• **How to complete this task**
Below is a listing with pictures in it; transcribe exactly the lines from the one that has "[Jewelry Shop M]【피부에" through the one that has "Some eye liners.", and omit those pictures.

• **Records for this exercise**
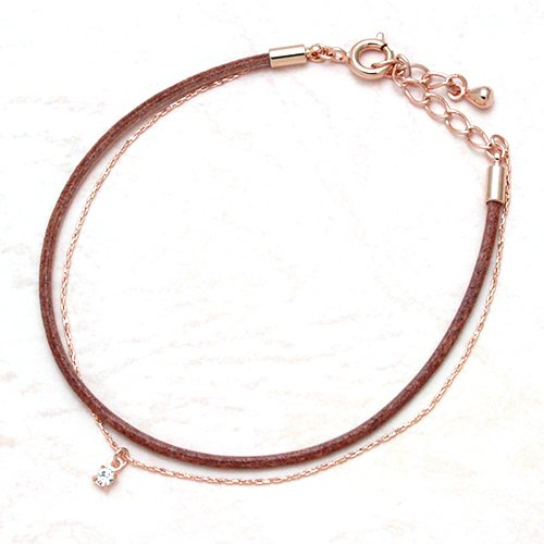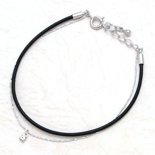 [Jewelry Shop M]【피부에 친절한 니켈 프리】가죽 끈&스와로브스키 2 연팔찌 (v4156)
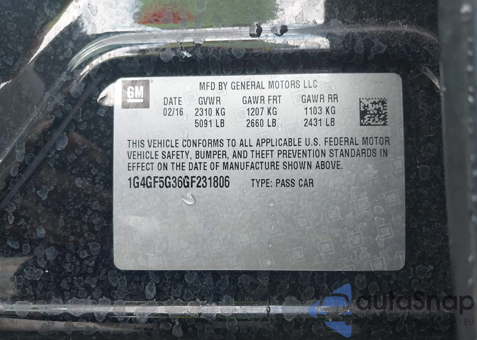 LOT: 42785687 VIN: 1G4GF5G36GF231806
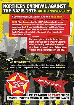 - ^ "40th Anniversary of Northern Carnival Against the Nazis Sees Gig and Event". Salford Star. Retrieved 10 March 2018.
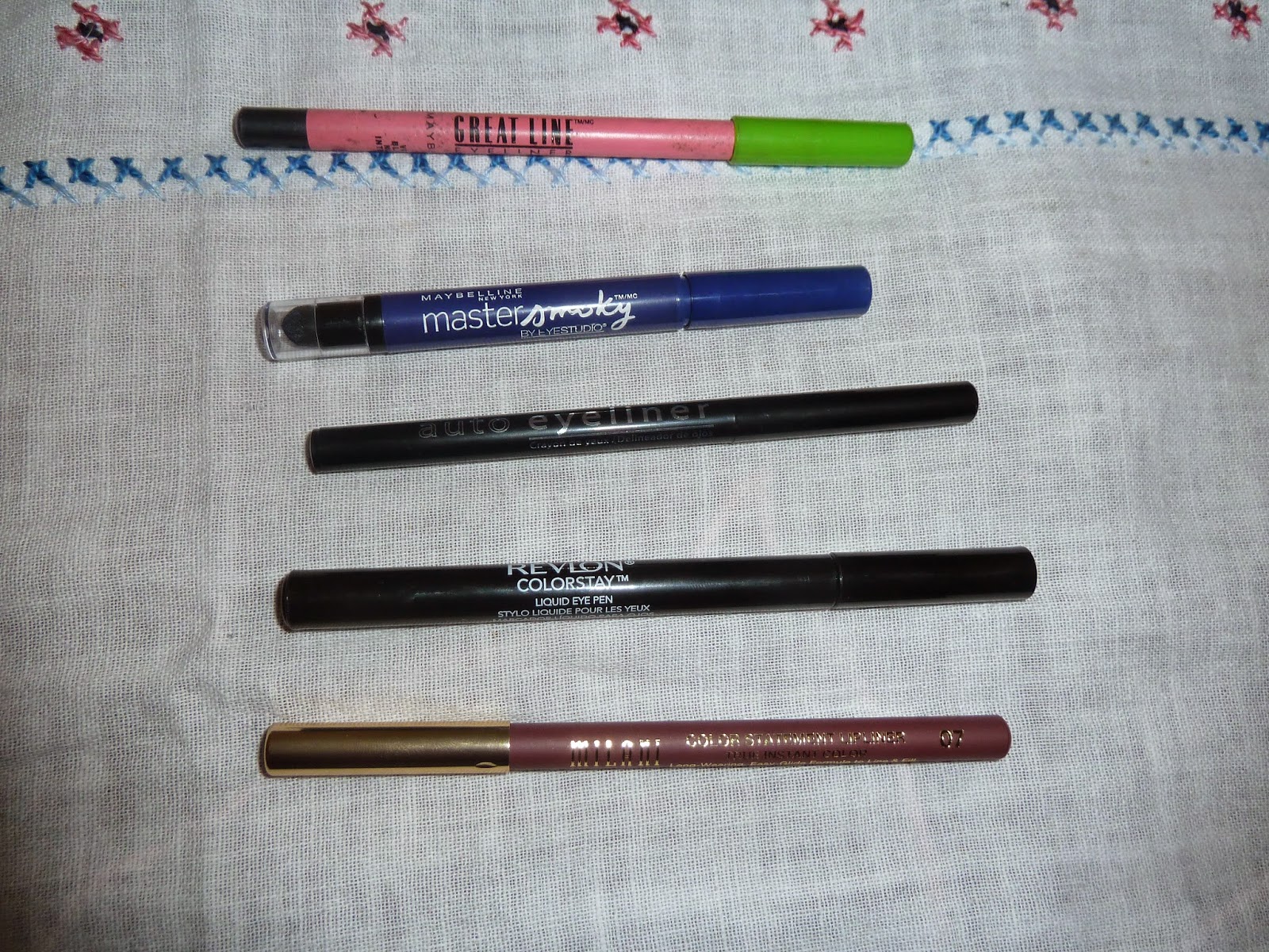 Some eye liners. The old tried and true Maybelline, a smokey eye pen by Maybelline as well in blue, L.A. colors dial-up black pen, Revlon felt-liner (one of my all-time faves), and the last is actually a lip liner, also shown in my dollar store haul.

* * *

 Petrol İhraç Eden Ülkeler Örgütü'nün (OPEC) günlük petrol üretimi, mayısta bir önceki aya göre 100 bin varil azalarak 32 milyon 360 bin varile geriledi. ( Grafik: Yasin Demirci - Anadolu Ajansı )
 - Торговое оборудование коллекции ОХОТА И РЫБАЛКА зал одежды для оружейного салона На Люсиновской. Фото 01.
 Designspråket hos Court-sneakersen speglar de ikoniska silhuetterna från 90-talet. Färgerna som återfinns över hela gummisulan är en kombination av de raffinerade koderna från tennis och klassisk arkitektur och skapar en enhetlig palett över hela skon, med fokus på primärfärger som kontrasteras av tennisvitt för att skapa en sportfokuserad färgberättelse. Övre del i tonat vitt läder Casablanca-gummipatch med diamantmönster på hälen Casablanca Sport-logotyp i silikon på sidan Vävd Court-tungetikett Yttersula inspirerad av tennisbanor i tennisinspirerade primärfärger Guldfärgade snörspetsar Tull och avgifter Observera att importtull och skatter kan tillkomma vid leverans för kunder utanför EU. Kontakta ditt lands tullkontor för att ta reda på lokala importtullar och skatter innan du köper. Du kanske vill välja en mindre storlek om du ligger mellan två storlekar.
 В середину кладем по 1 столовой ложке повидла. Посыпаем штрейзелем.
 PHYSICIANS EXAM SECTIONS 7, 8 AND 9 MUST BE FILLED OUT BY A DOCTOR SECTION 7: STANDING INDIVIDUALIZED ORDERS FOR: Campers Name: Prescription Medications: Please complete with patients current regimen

• **Response to this exercise**
 [Jewelry Shop M]【피부에 친절한 니켈 프리】가죽 끈&스와로브스키 2 연팔찌 (v4156)
 LOT: 42785687 VIN: 1G4GF5G36GF231806
 - ^ "40th Anniversary of Northern Carnival Against the Nazis Sees Gig and Event". Salford Star. Retrieved 10 March 2018.
 Some eye liners. The old tried and true Maybelline, a smokey eye pen by Maybelline as well in blue, L.A. colors dial-up black pen, Revlon felt-liner (one of my all-time faves), and the last is actually a lip liner, also shown in my dollar store haul.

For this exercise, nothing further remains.